The Jefferson County Board of Education routinely communicates with state and district legislators on their priorities about education in Jeffco. On Jan. 9, the Board discussed a formal draft of ideas for legislative priorities to be presented to these legislators.
Board President Stephanie Schooley described how the priorities allow the Board to weigh in on legislation as it moves forward and lend a voice to the decision-making and what education priorities should be included.
One of those draft priorities is for the legislature to avoid creating new grant programs.
“These often detract districts from focusing on student learning and use resources that could be more equitably allocated to the school finance act, benefiting all districts,” according to the Board’s priorities document.
Some of those resources Ed Bowditch, a partner at Bowditch & Cassell Public Affairs and lobbyist for the Board, described as being spent on grant writers, raising the question of whether it should be the “highest priority for all districts in the state to be competing over funds.”

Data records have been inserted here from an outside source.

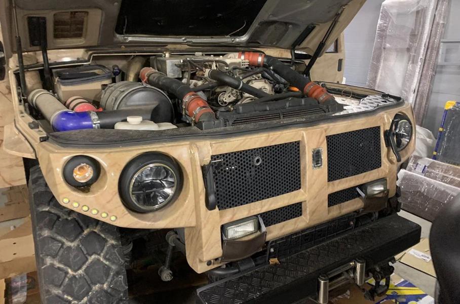 Тюнеры из ателье TuningUp взялись за модернизацию машины в 2011 году. В рамках работ специалисты полностью перешили интерьер бежево-коричневой кожей. В салоне появилась мультимедийная система с телевизором, холодильник, а также множество сервоприводов и радиосвязь. Кроме того, автомобиль оснастили экспедиционным багажником, шноркелем, а также «люстрой» на крыше и лебёдкой.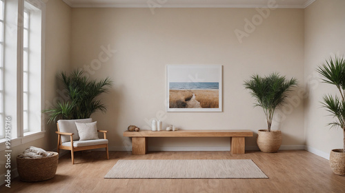 A concept image of a living room interior design mockup template, high-resolution living area with furniture 3d illustration interior rendering.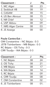 Derrière, la formation Seddouk VB a marqué le pas en s’inclinant sur le score de trois sets à un, face à la solide équipe du CASAM Mohammedia, la grande surprise de cette saison et auteure jusque-là d’un parcours remarquable. De son côté, l’US Ben Aknoun confirme sa bonne dynamique lors de ses dernières sorties en dominant nettement la JS Azazga (3-0), un succès qui lui permet de s’installer à la quatrième place du classement, avec 15 points à son compteur. Dans la Poule Centre-Est, le NC Béjaïa poursuit sa domination et sa maîtrise sans partage. Les Béjaouies ont signé une précieuse victoire en déplacement, en allant s’imposer sur le parquet de l’OM Constantine par trois sets à zéro. Cette victoire leur permet de conforter leur place de leader en comptabilisant 24 points. L’OS Tichy reste également sur sa lancée en disposant du RC Béjaïa (3-0), un résultat qui permet aux Tichisoises d’occuper confortablement la deuxième place avec 21 points. Enfin, cette journée a été marquée par les succès importants du WA Béjaïa et du MB Béjaïa, vainqueurs respectivement de la CRR Toudja et de la JSTB Tizinberber, tous deux sur le score de trois sets à zéro.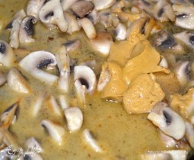 Влейте вино и бульон (овощной, мясной или куриный). Если бульона нет, то можно влить обычную воду. Добавьте пару ложек не очень острой горчицы. Доведите до кипения.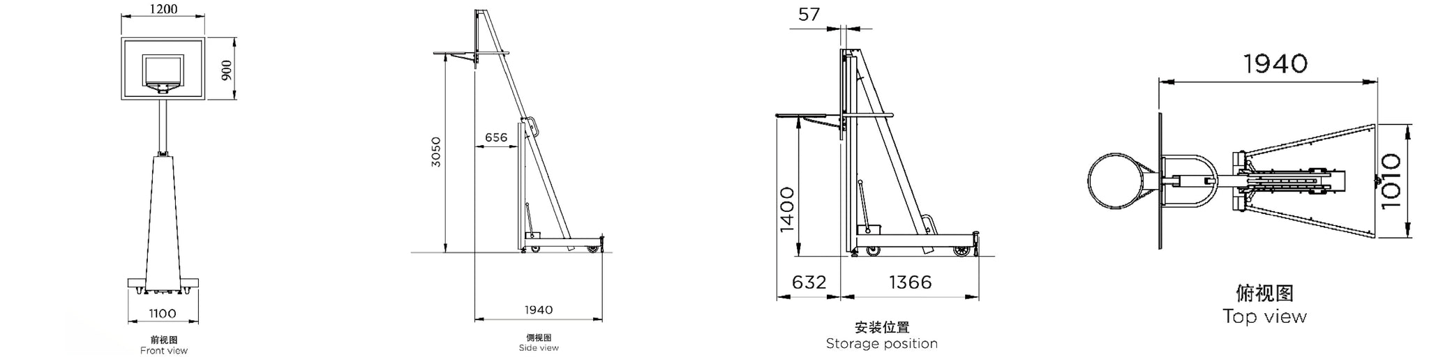• Including 2 front caster wheels and 2 floor props
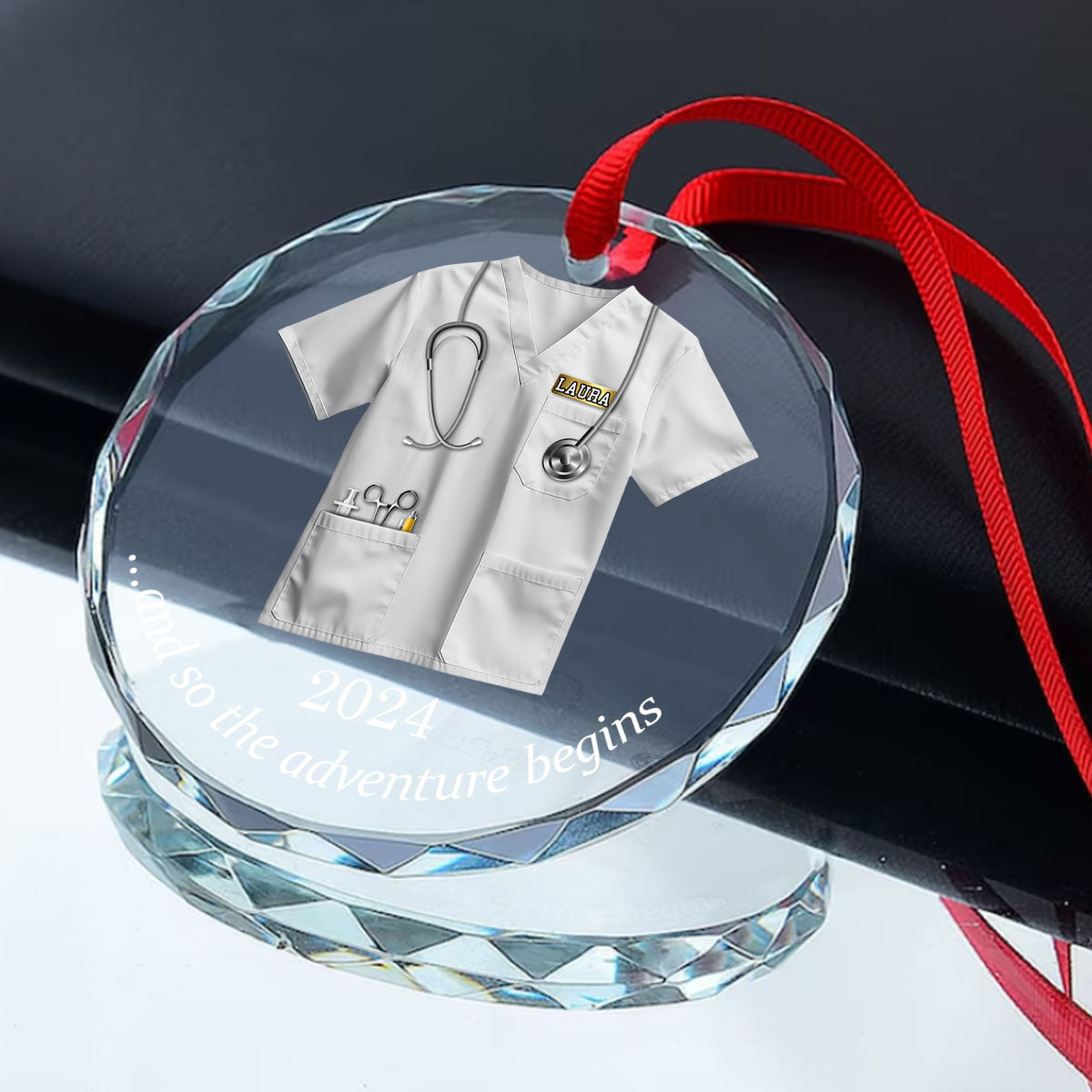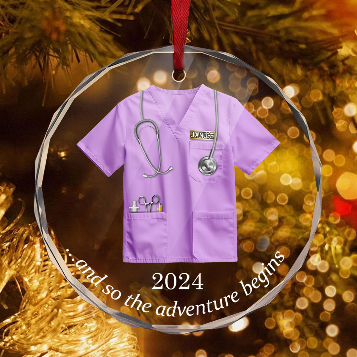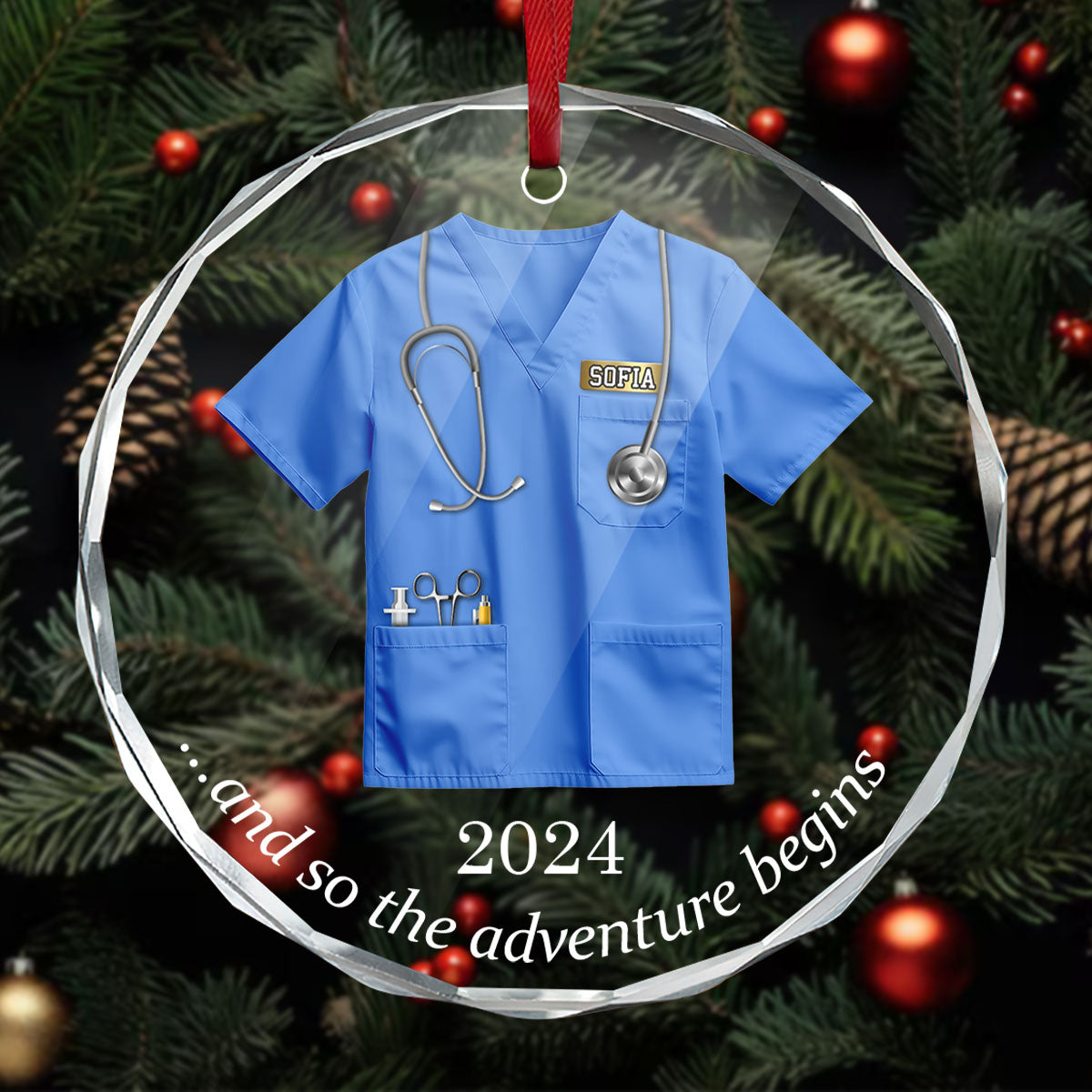 So The Adventure Begins Nurse's First Christmas - Personalized Custom Glass Ornament FCURGOPLEHA2588M

Other priorities included determining “what an effective K-12 education costs in Colorado and to set our expectations to that level,” rather than “assuming we can adequately educate and support students with the amount of funding available to districts.”
Superintendent Tracy Dorland described this discussion as a way to give the lobbyist a few key areas the Board cares about so as to advocate for them. The priorities list is a proactive platform, she continued, and as bills emerge there is also an opportunity for a reactive stance to those bills from the Board.
The priorities list will be put to a vote in the next Board of Education meeting, according to Schooley.